'Reclaiming Conversation’ at EDUCAUSE

Why #EDU15 attendees would rather go naked than go device free.

October 28, 2015

In my alternate reality, I have assigned Sherry Turkle’s staggeringly important book Reclaiming Conversation to everyone attending the EDUCAUSE 2015 Annual Conference.

That would be 7,000 plus educational technology professionals actually putting down their phones long enough to read a book. (Unless you are like me, and read the book on your phone).

Walk through the corridors at the Indiana Convention Center and you will see all of us heads down, buried in our screens.  

Observe a group of EDUCAUSE attendees sitting in a session prior to its start, and you will see precisely nobody introducing themselves and having a conversation. Instead, we are all on our phones, laptops, and tablets. (Sometimes all 3 at once).

Worried about our students surfing the web when they should be paying attention in class? Compared to the amount of attention EDUCAUSE attendees give to our devices as opposed to the presenters, our students seem by comparison paragons of devotion and focus.

EDUCAUSE may be the center of the universe for acceptance of a device-first manner of social interaction.

Interacting with technologies rather than people is a high status activity at EDUCAUSE.

In Reclaiming Conversation, Turkle relates the college kid “Rule of 3”.  This rule states that whenever a group of friends get together (say 6 or 7 for dinner), at least 3 people need be looking up from their phones and engaging in conversation.  Everyone else is free to surf, post, tweet, and scan - and can jump in and out of the conversation without social penalty.

We EDUCAUSE people don’t need no stinking “Rule of 3”.

As a community, we are good with the “Rule of 0”.  

Our favorite conversations, if we are being honest, are between ourselves and our screens.

It is perfectly acceptable within my tribe to all be together, but to have none of us actually talking with each other.  We are too busy looking at our screens.

Can you imagine a “device free” EDUCAUSE?  

I think the EDUCAUSE attendees would rather go naked than device free.

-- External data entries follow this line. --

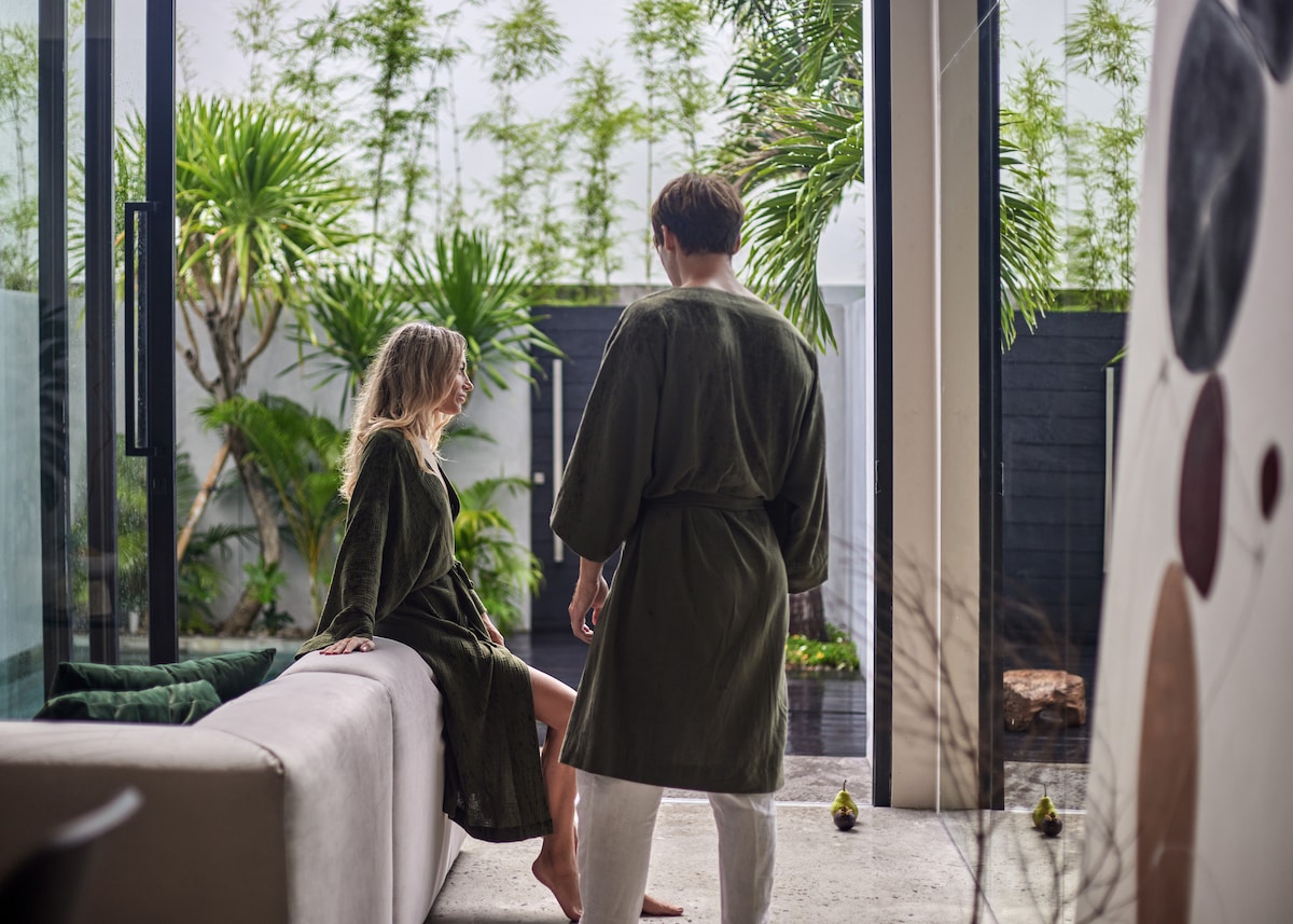 Dobro došli u Casaluna, vašu modernu tropsku kuću za odmor na Baliju u Čangguu! Naša privatna Airbnb kuća u nizu kombinuje moderan industrijski stil kuće u nizu s prirodnim tropskim elementima, stvarajući prekrasan i estetski prijatan prostor za vaš odmor. Unutra ćete pronaći dobro opremljenu kuhinju, trpezariju na otvorenom i prostor za opuštanje. Spavaća soba sa zasebnom kupaonicom je prozračna i uredna, sa dizajnom i zemljanim tonovima koji izazivaju osjećaj topline i udobnosti.
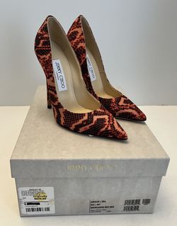 Jimmy Choo Anouk Red Mandarin Snake Print Fabric Pumps 35.5 / 5.5US. New In Box.$299Salem, MA
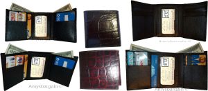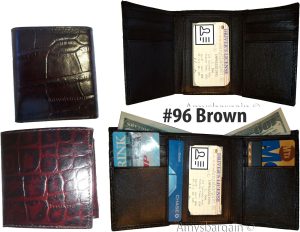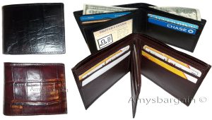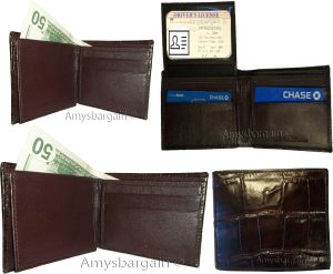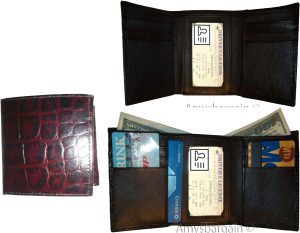 $19.95Man's Trifold Leather wallet Brown Crocodile skin Printed 2 billfolds 9 cards.Description:Item: Man's trifold crocodile skin printed leather wallet.Materiel: Top grain Leather.6 Card spaces.3 Under-card card spaces.1 ID window.2 Bill fold pockets.Color: Brown.: Durable top grain leather.Size when closed: 4.25 X 3.25 X .50 inches.This is a very stylish Italian styled crocodile printed leather men’s...
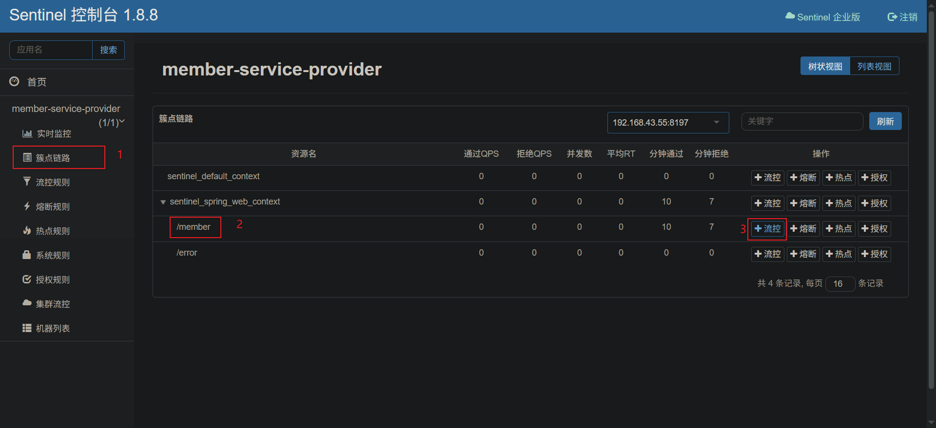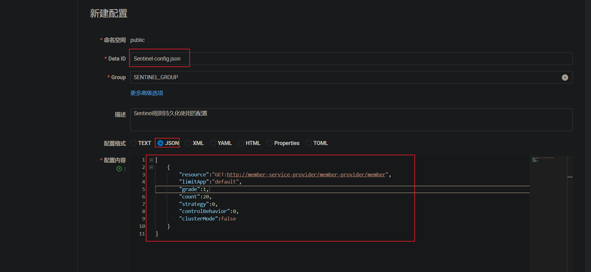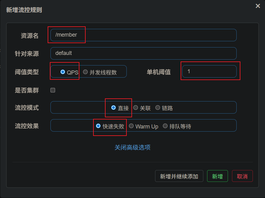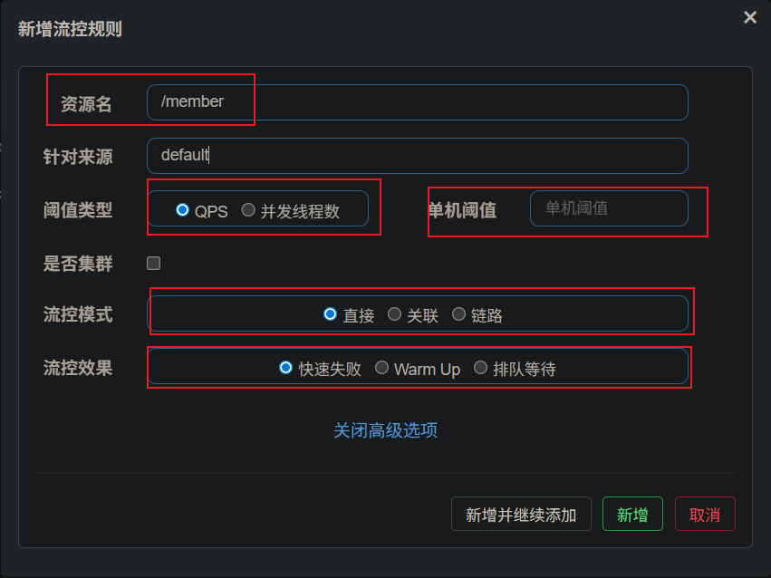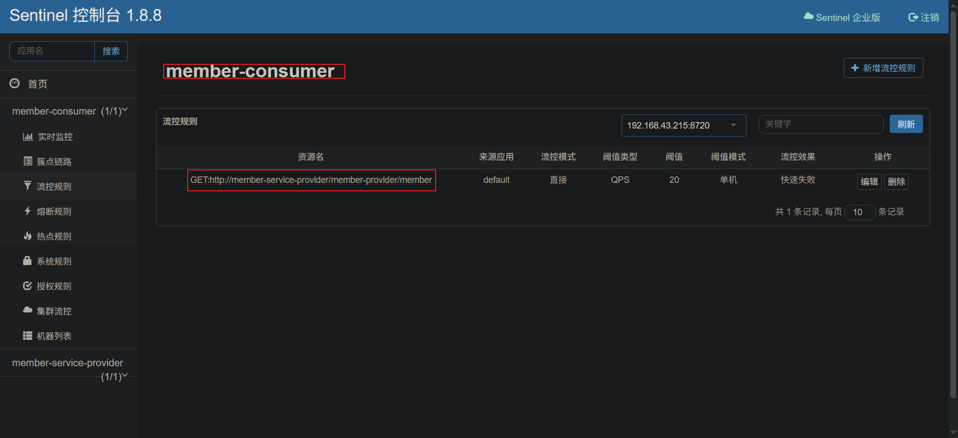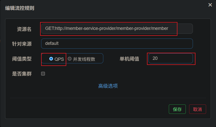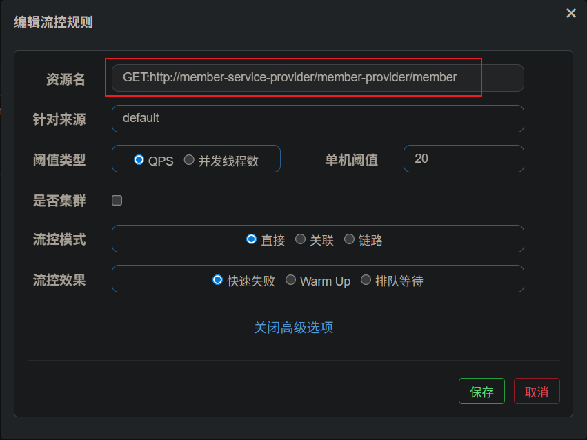 [ { //资源名称 "resource":"GET:http://member-service-provider/member-provider/member", //调用来源 "limitApp":"default", //阈值模式 "grade":1, //阈值 "count":20, //流控模式 "strategy":0, //流控效果 "controlBehavior":0, //是否集群 "clusterMode":false } ] -
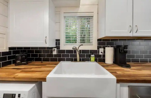 The loft bedroom has a queen bed for two while the built-in dining table/couch converts into a full bed for up to two more guests. The private bathroom features its own sink, water conserving toilet, and full sized shower. Cooks and bakers will appreciate the kitchen complete with a full sized refrigerator, propane range, convection microwave, farmhouse sink, and dishwasher. Venture outside to the patio area for grilling on the propane grill and marshmallow roasting over the propane fire pit.
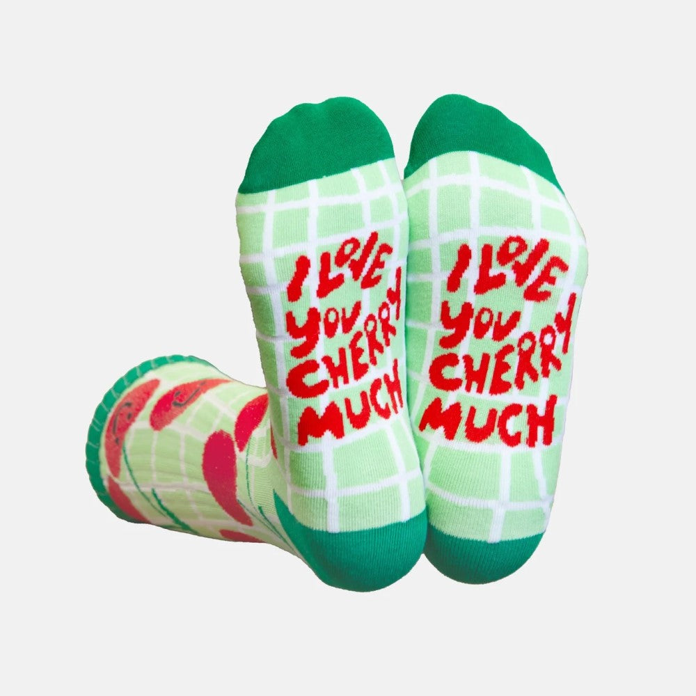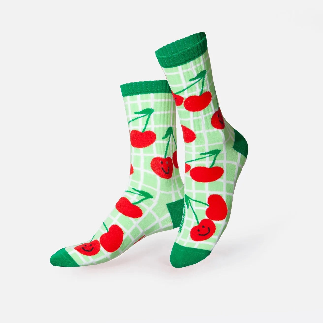 Kiraz gibi patlayan tarz! Bu canlı kırmızı çoraplar hem cesur hem tatlı — dikkat çekmeyi sevenler için en meyveli seçim.
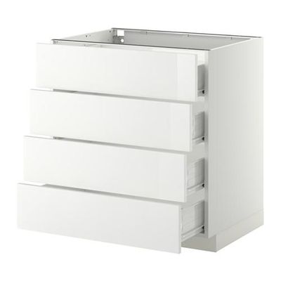 МЕТОД / ФОРВАРА Напольн шкаф 4 фронт панели/4 ящика - 80x60 см, Рингульт глянцевый белый, белый
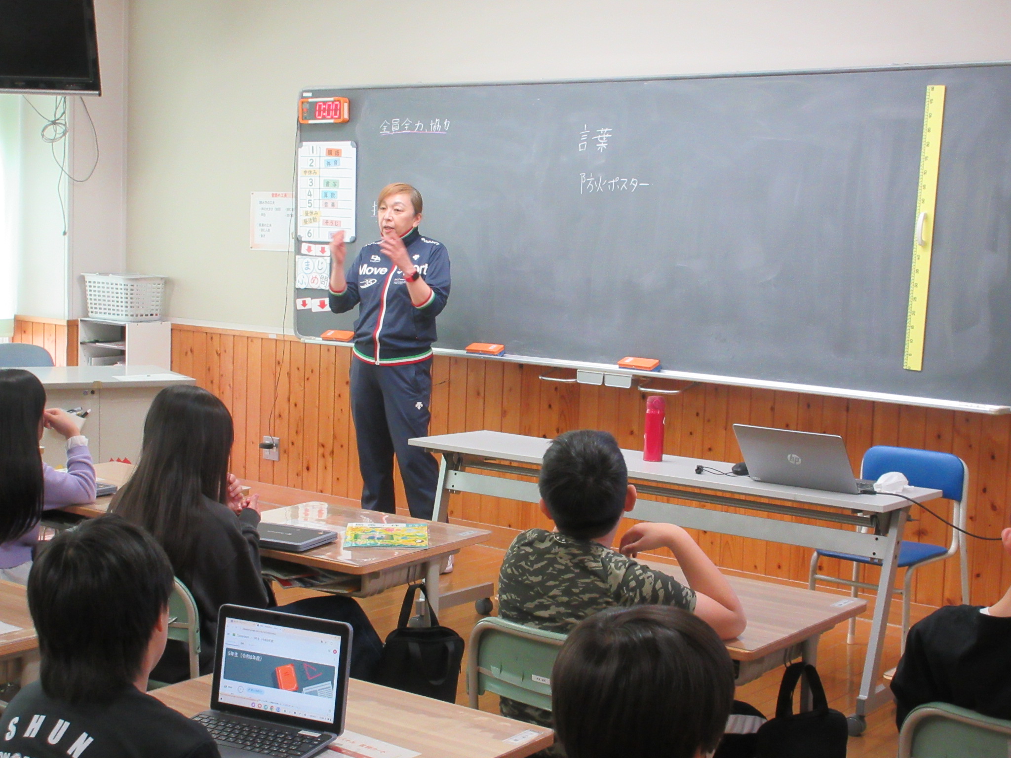 5年生では図工で「防火ポスター」に取り組んでいました。教えているのは6年生の担任の先生です。
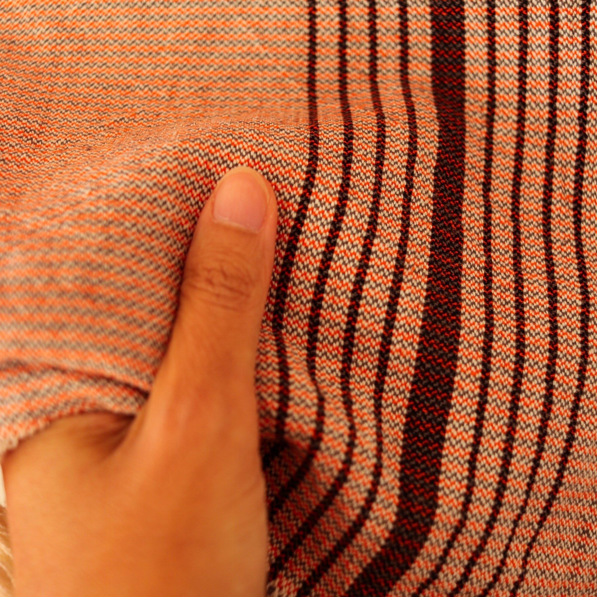 DERVISH is a classic design with a modern twist: Lengthwise it features two bands of black stripes on both sides. While the background seems like it is a solid beige, if you look closely you'll see very thin horizontal orange and gray stripes.

We, of course, think that we have good reasons to interact with our technologies instead of each other. We need to make ourselves always available for any emergency that may happen back at the ranch. We are so vitally important to the running of our institutions that if we are not constantly on e-mail the whole place might just implode.

And of course, what would a conference be without the backchannel? If we don’t constantly tweet, blog, and post then it will be like EDUCAUSE never happened.

Would EDUCAUSE be a more relaxing and a productive place if we left our devices behind?If everyone at EDUCAUSE had read Reclaiming Conversation, then maybe we would be having a very different EDUCAUSE 2015.

At the very least, we’d all be skeptical about what we have accomplished by achieving ubiquitous connectivity and omnipresent screens.  

How do we get Sherry Turkle to keynote EDUCAUSE 2016?

Can a book change how we think about our profession?

Can an idea change how we go about our work?

What did you read before coming to EDUCAUSE?